As I’ve explained in some posts from a while ago, I’ve been thinking about some models related to random graph processes, where we ensure the configuration stays critical by deleting any cycles as they appear. Under various assumptions, this behaves in the limit as the number of vertices grows to infinity, like a coagulation-fragmentation process, with multiplicative coalescence and quadratic fragmentation rate, where the fragmentation kernel is the Poisson-Dirichlet distribution, PD(1/2,1/2). I found it quite hard to find accessible notes on these, partly because the theory is still relatively recently, and also because it seems to be one of those topics where you can’t understand anything properly until you kind of understand everything.

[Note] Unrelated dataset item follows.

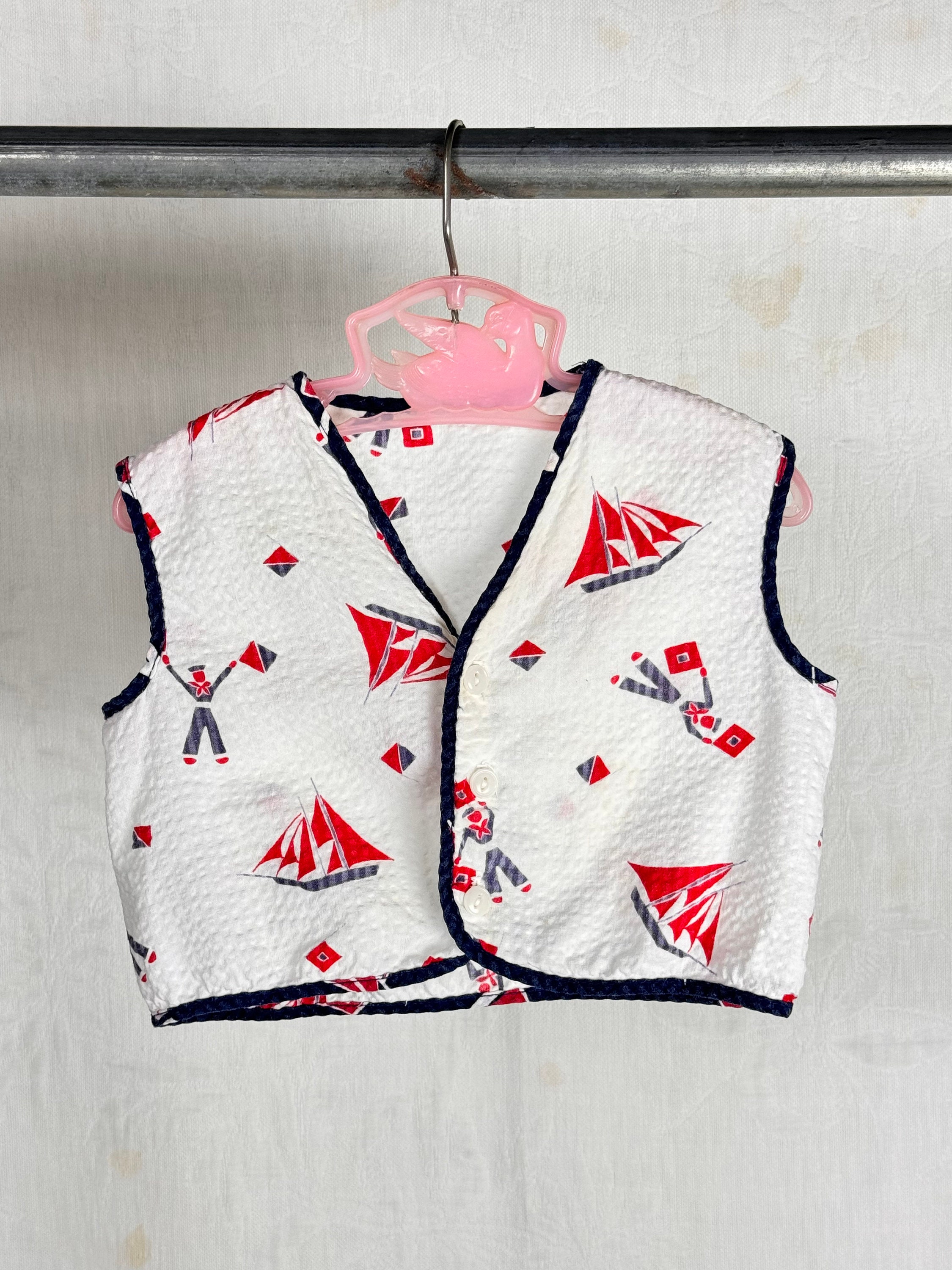 Authentic vintage children’s shirt. a lightweight seersucker fabric with sailor themed novelty print. button fasteners.

This post was motivated and is based on chapter 3 of Pitman’s Combinatorial Stochastic Processes, and the opening pair of lectures from Pierre Tarres’s TCC course on Self-Interaction and Learning.

It makes sense to begin by discussing the Dirichlet distribution, and there to start with the most simple case, the Beta distribution. As we learned in the Part A Statistics course while trying some canonical examples of posterior distributions, it is convenient to ignore the normalising constants of various distributions until right at the end. This is particularly true of the Beta distribution, which is indeed often used as a prior in such situations. The density function of $\text{Beta}(\alpha,\beta)$ is $x^{\alpha-1}(1-x)^{\beta-1}$. If these are natural numbers, we have a quick proof by induction using integration by parts, otherwise a slightly longer but still elementary argument gives the normalising constant as

$\frac{\Gamma(\alpha+\beta)}{\Gamma(\alpha)\Gamma(\beta)}.$

(note that the ‘base case’ is the definition of the Gamma function.) For the generalisation we are about to make, it is helpful to think of this Beta density as a distribution not on [0,1], but on partitions of [0,1] into two parts. That is pairs (x,y) such that x+y=1. Why? Because then the density has the form $x^{\alpha-1}y^{\beta-1}$ and is clear how we might generalise this.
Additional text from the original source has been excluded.